ABOUT THIS TASK: Please copy out every line in the records below that includes the word "mousse".

====== EXTRACTED ENTRIES ======

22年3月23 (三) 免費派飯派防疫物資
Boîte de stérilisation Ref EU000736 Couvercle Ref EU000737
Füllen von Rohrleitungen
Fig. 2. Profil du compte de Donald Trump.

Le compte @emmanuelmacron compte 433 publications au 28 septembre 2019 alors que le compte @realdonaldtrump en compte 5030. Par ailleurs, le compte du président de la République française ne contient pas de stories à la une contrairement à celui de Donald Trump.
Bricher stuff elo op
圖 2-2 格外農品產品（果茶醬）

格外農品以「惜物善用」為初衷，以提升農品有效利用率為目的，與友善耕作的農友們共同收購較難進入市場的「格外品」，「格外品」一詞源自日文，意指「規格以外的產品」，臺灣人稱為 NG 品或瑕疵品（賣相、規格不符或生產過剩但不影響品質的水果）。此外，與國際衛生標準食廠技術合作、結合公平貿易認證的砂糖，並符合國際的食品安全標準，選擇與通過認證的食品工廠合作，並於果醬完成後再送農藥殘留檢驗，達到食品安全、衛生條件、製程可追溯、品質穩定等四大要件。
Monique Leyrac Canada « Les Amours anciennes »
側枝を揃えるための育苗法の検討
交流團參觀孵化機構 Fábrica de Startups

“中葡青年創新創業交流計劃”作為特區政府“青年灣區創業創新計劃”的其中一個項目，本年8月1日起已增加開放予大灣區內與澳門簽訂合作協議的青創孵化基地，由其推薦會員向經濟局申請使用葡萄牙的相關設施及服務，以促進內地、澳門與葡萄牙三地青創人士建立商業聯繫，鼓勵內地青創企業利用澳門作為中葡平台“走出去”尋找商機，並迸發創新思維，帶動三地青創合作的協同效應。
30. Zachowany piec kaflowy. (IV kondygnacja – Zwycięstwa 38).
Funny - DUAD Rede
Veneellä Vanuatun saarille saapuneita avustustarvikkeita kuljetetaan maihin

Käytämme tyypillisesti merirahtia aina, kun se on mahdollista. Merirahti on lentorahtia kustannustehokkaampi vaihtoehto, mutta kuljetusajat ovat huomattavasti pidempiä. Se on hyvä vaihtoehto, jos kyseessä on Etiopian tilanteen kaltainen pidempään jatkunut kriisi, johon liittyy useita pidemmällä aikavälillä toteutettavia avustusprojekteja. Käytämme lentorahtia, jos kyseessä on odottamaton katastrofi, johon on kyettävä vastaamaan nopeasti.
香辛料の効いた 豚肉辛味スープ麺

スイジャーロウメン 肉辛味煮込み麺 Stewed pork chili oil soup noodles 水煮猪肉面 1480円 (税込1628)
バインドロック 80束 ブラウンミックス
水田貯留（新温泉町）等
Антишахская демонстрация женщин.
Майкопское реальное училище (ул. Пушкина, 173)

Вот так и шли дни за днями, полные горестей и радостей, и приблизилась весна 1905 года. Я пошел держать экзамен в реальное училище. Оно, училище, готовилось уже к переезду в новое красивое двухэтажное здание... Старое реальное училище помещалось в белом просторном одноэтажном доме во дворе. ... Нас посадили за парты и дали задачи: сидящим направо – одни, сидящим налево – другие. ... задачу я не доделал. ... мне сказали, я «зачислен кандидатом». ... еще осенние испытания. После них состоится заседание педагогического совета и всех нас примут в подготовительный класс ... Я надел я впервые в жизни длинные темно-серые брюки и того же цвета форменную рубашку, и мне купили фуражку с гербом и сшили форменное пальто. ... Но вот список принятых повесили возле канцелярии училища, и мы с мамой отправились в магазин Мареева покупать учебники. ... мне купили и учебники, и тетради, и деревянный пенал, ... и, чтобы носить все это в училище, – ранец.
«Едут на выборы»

======
====== EXTRACTED ENTRIES ======

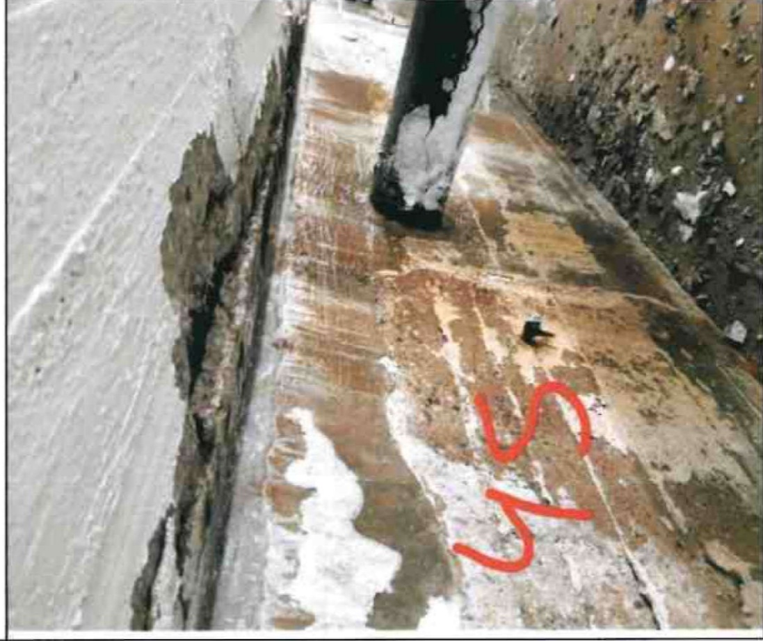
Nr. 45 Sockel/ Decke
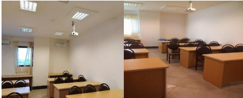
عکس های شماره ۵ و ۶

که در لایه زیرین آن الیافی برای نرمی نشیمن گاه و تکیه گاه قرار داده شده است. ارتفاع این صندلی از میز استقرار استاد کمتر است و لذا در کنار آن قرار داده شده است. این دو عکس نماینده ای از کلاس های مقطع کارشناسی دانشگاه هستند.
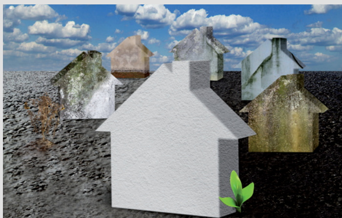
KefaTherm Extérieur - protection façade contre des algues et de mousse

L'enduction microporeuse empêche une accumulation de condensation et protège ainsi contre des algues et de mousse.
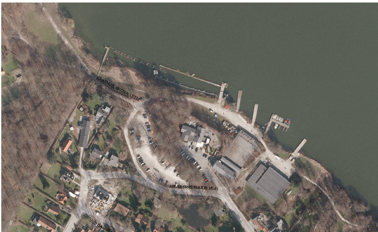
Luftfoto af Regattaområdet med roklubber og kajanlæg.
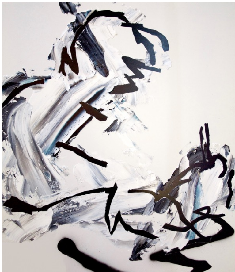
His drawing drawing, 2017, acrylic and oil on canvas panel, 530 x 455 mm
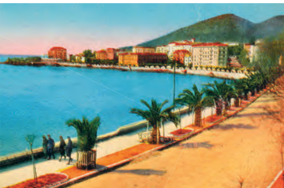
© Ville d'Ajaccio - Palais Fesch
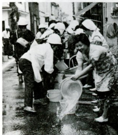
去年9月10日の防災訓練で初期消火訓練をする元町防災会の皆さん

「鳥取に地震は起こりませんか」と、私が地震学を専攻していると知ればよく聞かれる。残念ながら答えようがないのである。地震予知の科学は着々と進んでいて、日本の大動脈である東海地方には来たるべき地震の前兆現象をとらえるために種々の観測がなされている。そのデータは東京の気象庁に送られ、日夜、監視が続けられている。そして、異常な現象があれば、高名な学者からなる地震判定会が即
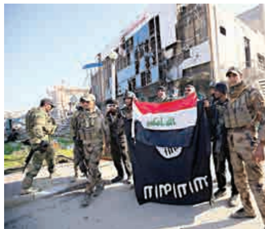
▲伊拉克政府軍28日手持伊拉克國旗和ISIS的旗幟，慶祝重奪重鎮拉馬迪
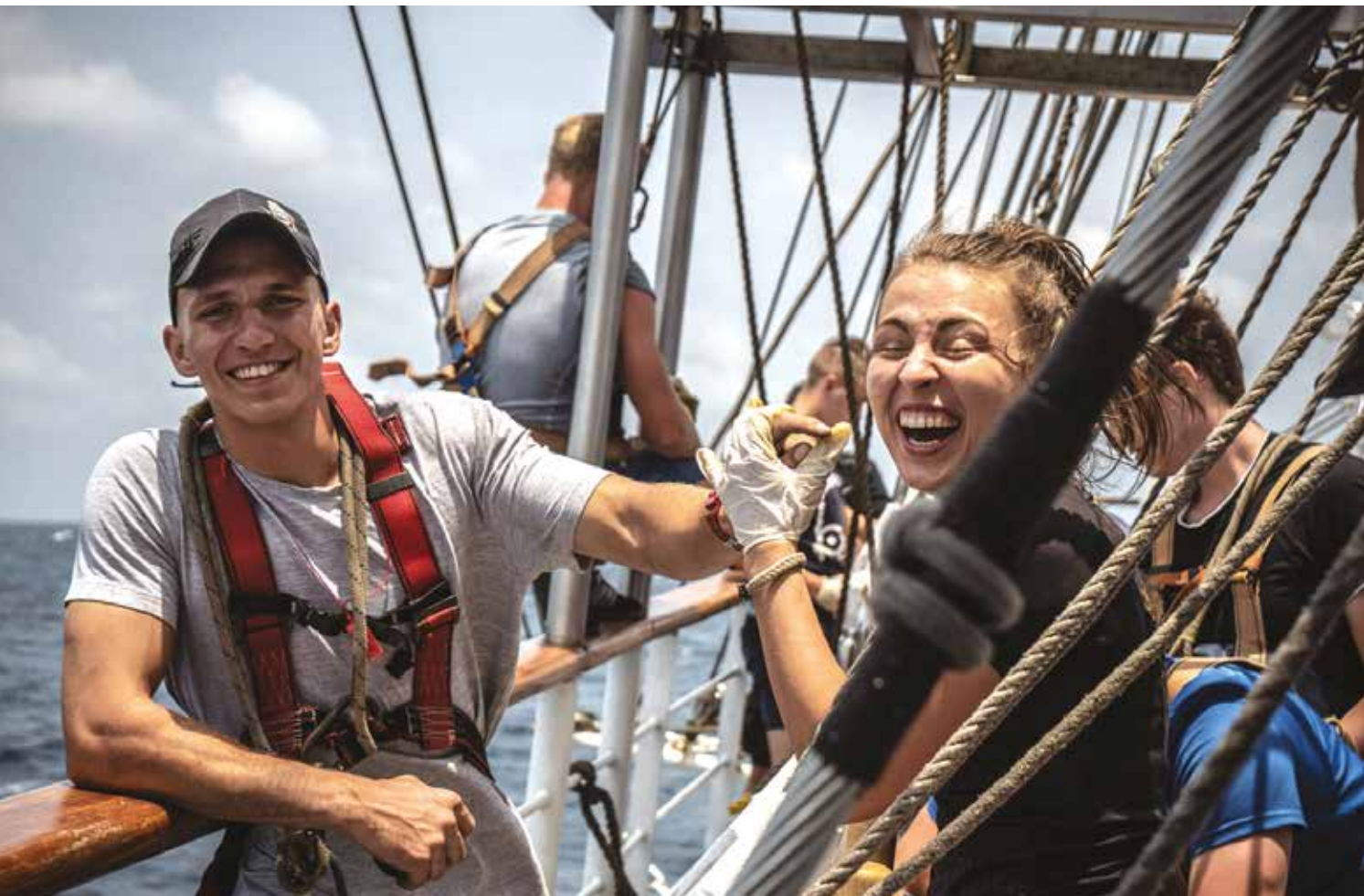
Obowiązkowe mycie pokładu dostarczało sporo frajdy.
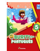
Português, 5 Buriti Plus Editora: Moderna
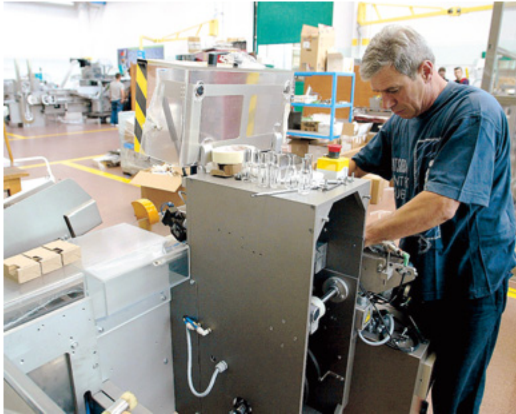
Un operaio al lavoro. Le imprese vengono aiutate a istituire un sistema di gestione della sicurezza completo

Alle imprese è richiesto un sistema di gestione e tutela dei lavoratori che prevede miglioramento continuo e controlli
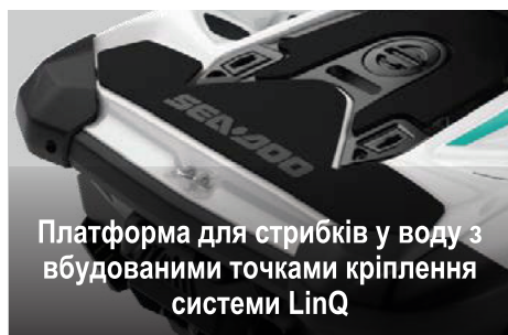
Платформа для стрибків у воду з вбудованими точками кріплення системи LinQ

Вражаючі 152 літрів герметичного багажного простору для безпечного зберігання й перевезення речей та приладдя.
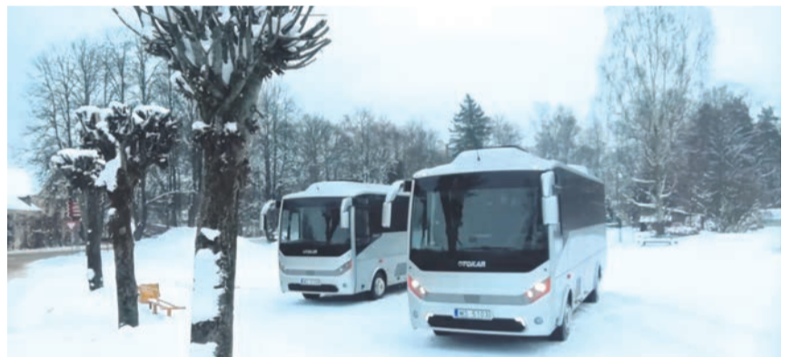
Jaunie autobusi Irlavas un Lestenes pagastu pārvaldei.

======

RESPONSE TO THIS EXERCISE:
KefaTherm Extérieur - protection façade contre des algues et de mousse
L'enduction microporeuse empêche une accumulation de condensation et protège ainsi contre des algues et de mousse.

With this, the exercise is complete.